Summary: Logan is a shy new caregiver, Patton learns what separation anxiety is, and Virgil disappears then reappears and is a very confused baby.
Word count: 6,600
Note: Set before the events of Little Accidents, Big Developments (AO3 | tumblr)
Also on AO3
oOo
It had been a somewhat slow day. Roman had been holed up in his room for most of it, rehearsing for an audition that Thomas had landed for the following week. He was working rather relentlessly, though Patton had been sure to request that he at least leave his room for mealtimes - and Logan had outright demanded it when Roman stubbornly refused. After a very speedy lunch, Roman was back in his room and the other three were left to their own devices in the living room.
Quite understandably, Patton had noticed Virgil was much antsier that afternoon. Probably because Roman was constantly talking about how absolutely essential it was that Thomas did not mess up a single line in next week’s audition and that he personally would “enter into a state of devastated mourning should this chance at stardom be killed and dashed across the stage floor”.

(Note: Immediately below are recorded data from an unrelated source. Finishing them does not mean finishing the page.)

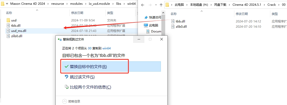 11、将文件夹里面的2个补丁全部复制到刚才安装目录位置打开的win64文件夹下替换。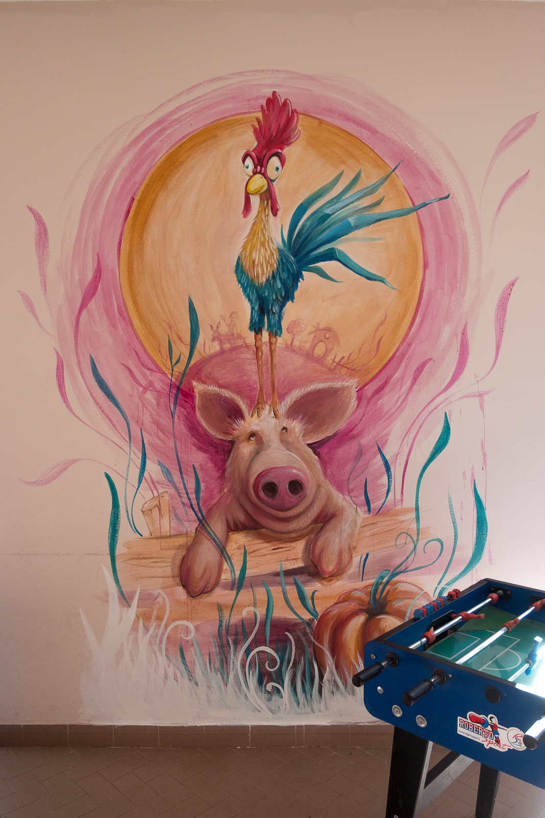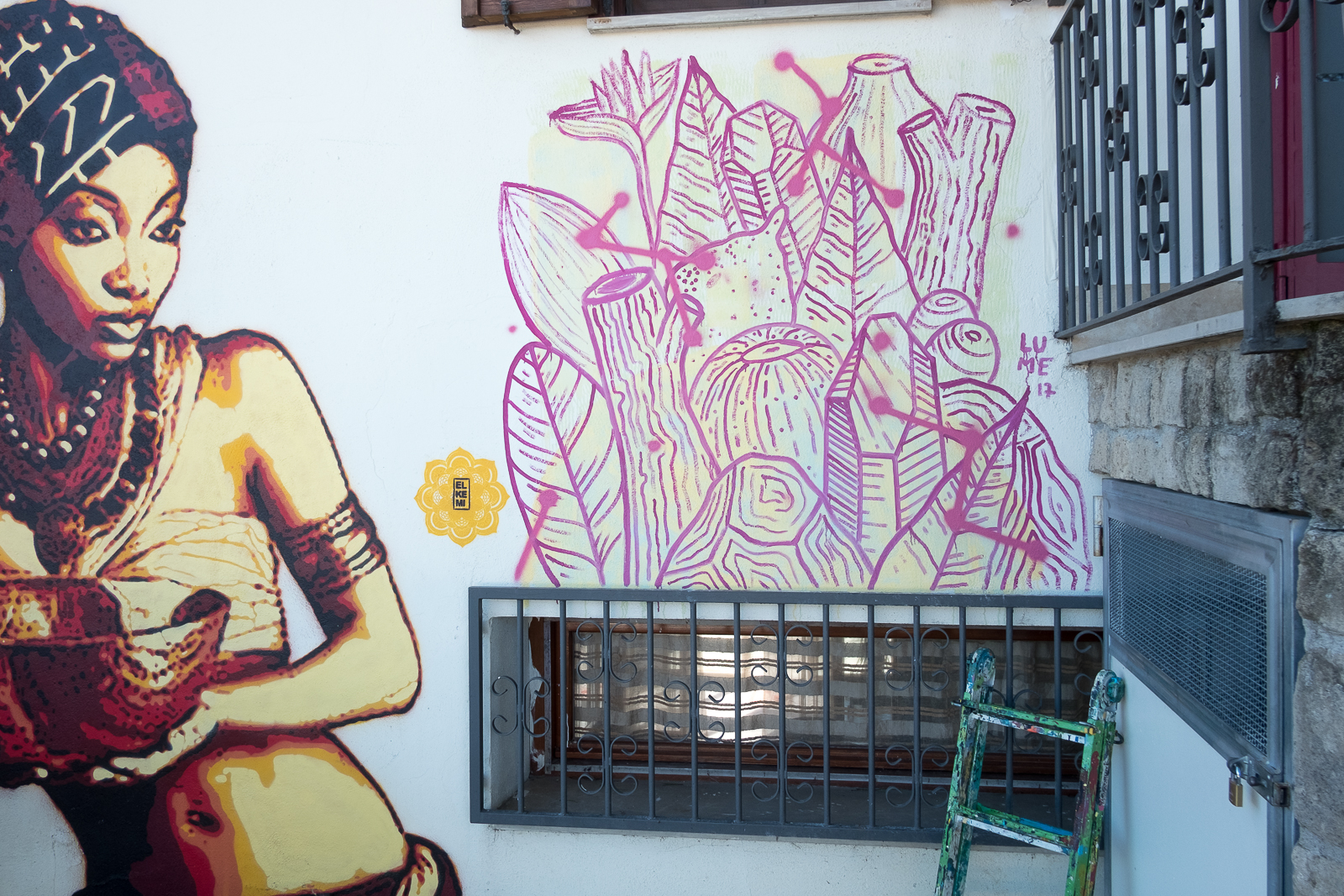 Così come il luogo, anche la maggior parte degli artisti sono stati confermati rispetto all’anno scorso. Quest’anno infatti è stato possibile ammirare un ulteriore contributo artistico alla struttura della fattoria da parte degli ormai già conosciuti: Gianluca Raro, Larva, Errico Di Cerbo, Lume, Salvatore Troiano, Ivan Del Giudice, Sdu e Opium che attraverso la loro arte hanno regalato ancora più magia ad un posto immerso nella natura sannita facendolo diventare ancora di più tappa obbligatoria per gli appassionati di street art e non solo. Per ritornare ai sentimenti di accoglienza e solidarietà che si respirano in quel luogo, quest’anno anche un ragazzo Gambiano Muhammed Cessay ha esordito come artista insieme ad altri tre connazionali, Alh Ebrima Sanyang Lamin Saidy Amir Fadlalah, che insieme formano i The Homebull Boy. L’opera, creata attraverso la tecnica dello stencil, è un tributo alla loro terra d’origine Il Gambia rappresentata dal volto di un leone con i colori dello stato Africano da dove provengono e da dove sono partiti per l’avventura della vita a fare da contorno. Inoltre, ad essere stato inondato di street art è stato anche un capannone situato nei pressi della fattoria, facente parte dei beni culturali confiscati alla camorra, rimasto ancora inutilizzato ma che ora gode di nuova linfa grazie agli interventi di Raro, Opium e Larva. Alla fine è stato presentato anche il libro, Ortika Big Family, che contiene la storia di entrambe le edizioni e testimonia attraverso foto e citazioni quello che si respirava durante il festival; ovvero la sensazione di star facendo qualcosa per gli altri ritrovandosi allo stesso tempo in un ambiente sereno e amichevole ed il tutto reso ancora più bello dalla tanta street art che chi c’era ha potuto ammirare.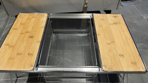 这是买的第6张柯曼桌了,前面买了两张不锈钢的三张铁网的,就差一张茶桌了。不锈钢茶桌可配沥水篮、水槽加盖板,也可以配一单元蜘蛛炉板,随心所欲搭配,可玩性高,配合三角板随意组合,太喜欢了,周末带出去用上了。

That had evidently sent Virgil’s anxiety into a downward spiral. After the fourth shaky sigh in as many minutes from the younger side’s lips, Patton shook his head and twisted on the couch to look at him.
‘Okay, that’s enough,’ Patton said, giving a rare stern look to the boy who was currently pacing the living room floor and looking just about ready to tear his hair out. ‘No more worrying, Stormcloud.’
‘I can’t help it!’ Virgil whispered quite fiercely. His eyes were wide and though they looked in Patton’s direction, it was as if his gaze was fixed a mile in the distance, likely imagining a variation of disastrous scenarios. ‘We could choke or trip or literally do the worst performance ever and Roman would be depressed and then we might not be able to make videos for months because he’s so distraught and what if it was all my fault? What if I was the one to make Thomas mess up and then Roman would hate me and -’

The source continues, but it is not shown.